American collegiate dance company

The Texas State University Strutters, more simply known as the Strutters, are an American collegiate dance team from Texas State University in San Marcos, Texas. They are the first American Precision Dance Team to be founded at a four-year university, and are currently the largest team of its kind in the United States. They have performed nationally and internationally in twenty-six countries spanning four continents, and are the first U.S. dance team to perform in the People's Republic of China. Other performances include three presidential inaugural parades, three Macy's Thanksgiving Day Parades, several NBA and NFL halftime shows, America's Got Talent, MTV's Total Request Live, and appearances in five movies.

==Brief history==
The team was founded by Mrs.

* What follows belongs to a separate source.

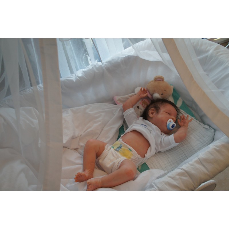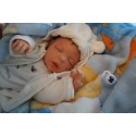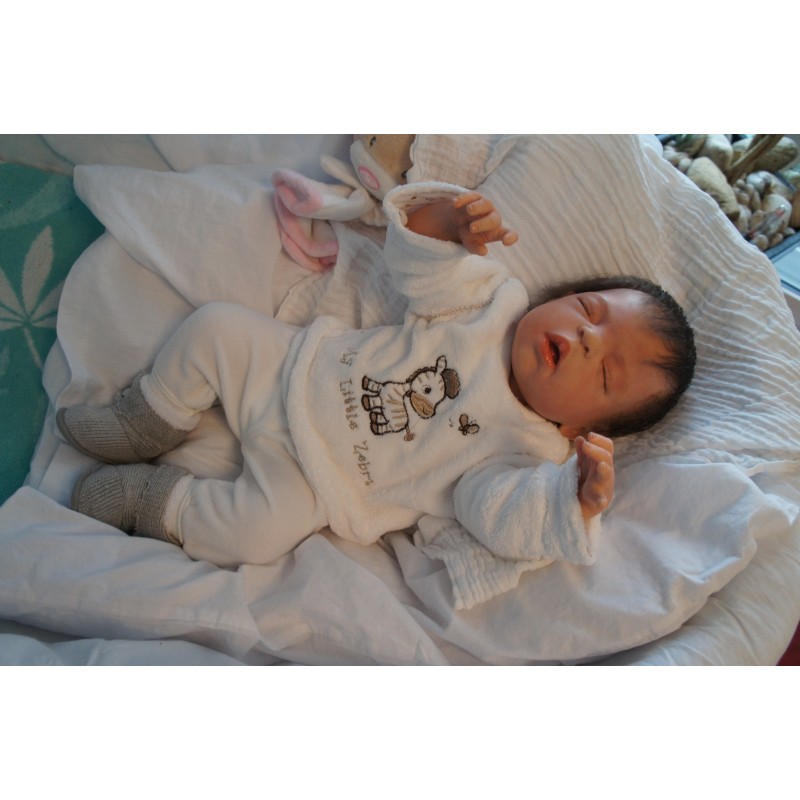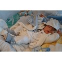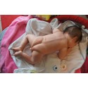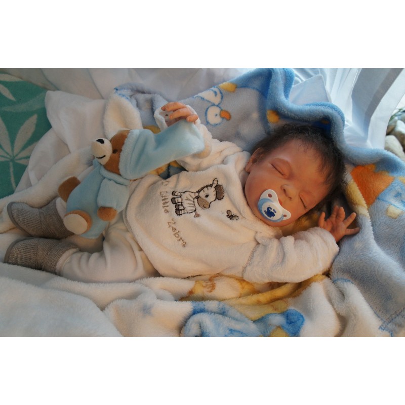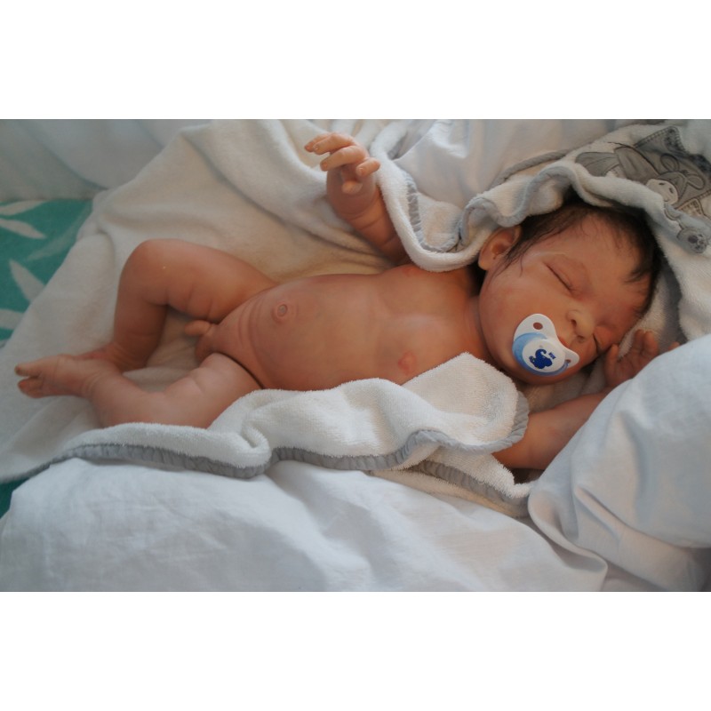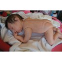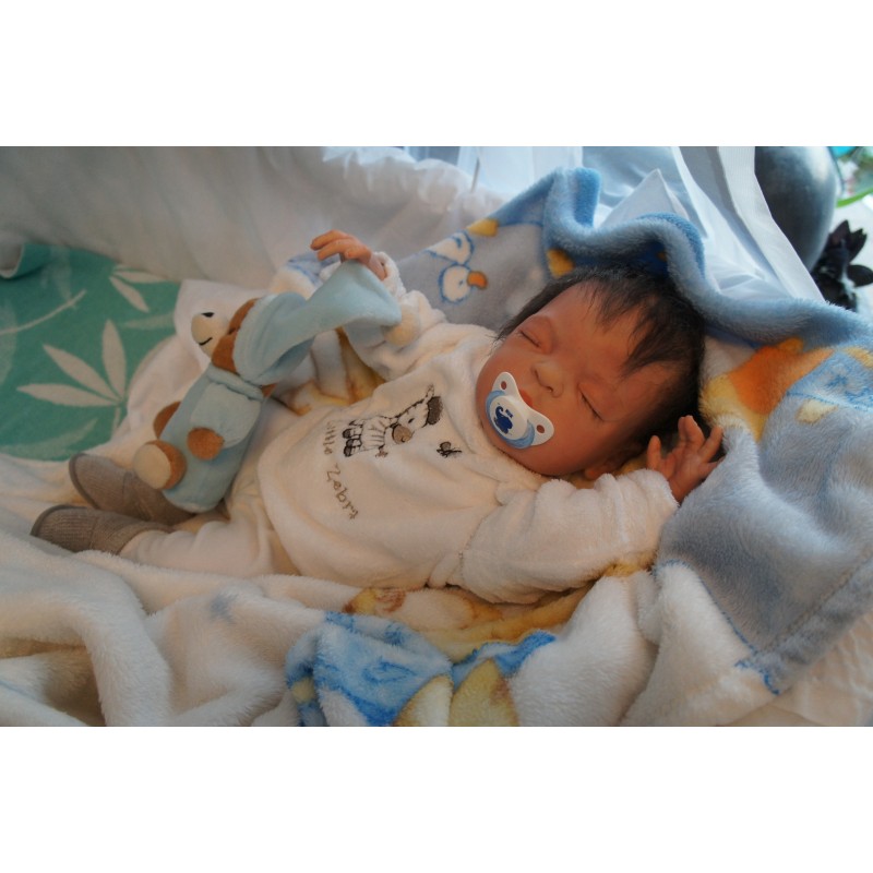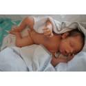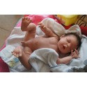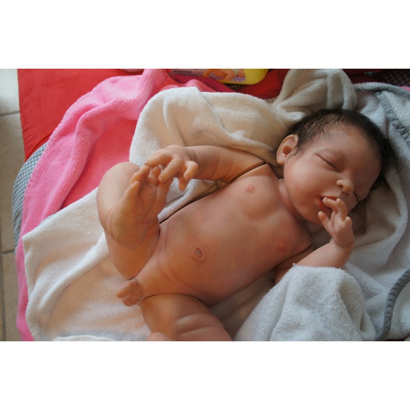 Ich wurde mit hochwertigen Farben in Real Effekt Technik eingefärbt. Mit Genesis Farben habe ich dieses alles noch mal zum Schluss gut versiegelt und eingebrannt. Diese wurde in mehreren Schichten aufgetragen, sodass ein sehr realistisches Hautbild entstanden ist. (Wisch- und Wasserfest kein Abblättern mgl). Feinste Schattierungen und leichte Betonung der Speckfalten wurden bei mir auch nicht vergessen. Leichte Äderchen an Händen, Armen, Füßchen, Beinen, Ohren, Kopf und Gesicht lassen mich wie ein echtes Baby aussehen. Jedes Fältchen an mir wurde einzeln betont. Zarte Augenbrauen wurden mir auch gegeben. Meine Nase wurde geöffnet und hinterlegt, sodass ich jetzt auch gut Luft bekomme. Auch zarte Befeuchtung der Augen, Mund und Nase lassen mich noch echter wirken.

Barbara Guinn Tidwell in 1960. Even with nowhere to practice on campus, the team became popular immediately, with a photograph of the Strutters included in Mobil Oil’s 1962 calendar. In 1976, the team was selected to represent America’s Bicentennial in a national television commercial for Coca-Cola. The Strutters have a strong and active alumni group of over 3,000 who network well, assisting each other in personal and professional endeavors.

On September 8, 2012, the $2.5 million Linda Gregg Fields Strutters Gallery in the North Side Endzone Complex at Bobcat Stadium was opened. Mrs. Fields and her husband, Jerry D. Fields, are among Texas State’s most generous benefactors, donating more than $11.7 million to Texas State, including $1.35 million toward the construction and operation of the gallery which depicts the history of the organization at the university.

==Directors==
Founder Barbara Guinn Tidwell (September 27, 1935 - May 30, 2022) served as director and choreographer from the team's creation in the fall of 1960 to her retirement in the spring of 1997. After high school graduation, she attended Kilgore Junior College where she was a Kilgore College Rangerette. After Kilgore, she and three other Rangerettes chose the University of Southern Mississippi to complete their Bachelor degrees, with Tidwell receiving her degree in history. Tidwell was teaching at Galveston High School in the late 1950s, when she applied for a position at Southwest Texas State hoping to teach history there. The School President, Dr. Jack Flowers, said he wasn’t looking for a history teacher but someone with dance expertise who could create a team to keep fans in their seats at halftime. Tidwell came up the team name herself saying, "I wanted something that didn't end in 'ettes." Not all high schools in Texas had a dance team in 1960, so most of the original 300 young women who auditioned for the very first Strutter line were novices, with hardly any background in precision dance/drill. Like most good educators, Tidwell usually saw more potential in her girls then they saw in themselves. She served as the teams's director and choreographer for 37 years. Just before her retirement in 1997, she was presented with the 1996 Distinguished Alumnus Award, in recognition of her role in founding the Strutters.

Susan Angell-Gonzalez, a former Strutters Head Captain, became the team's second director in 1997. As director, she created the Strutters Spectacular, an annual spring show open to the public, the pre-season show Meet the Strutters, and incorporated Jazz Elite and Pom Squad into the team. Angell-Gonzalez is recognized by her peers as an authority in the field of precision dance, and she is the President and CEO of Susan Angell Enterprises Inc., which includes ShowMakers of America®. Angell-Gonzalez was the first Strutter to be inducted into the Strutters Hall of Fame, has been recognized as one of Texas State University's "Top 100 Years of Women" for her achievements, received the Texas State Distinguished Alumnae Award in 2015, and received Texas Dance Educators Association Life Time Achievement Award and TDEA Hall of Fame. Angell-Gonzalez held the position of director/choreographer for 17 years.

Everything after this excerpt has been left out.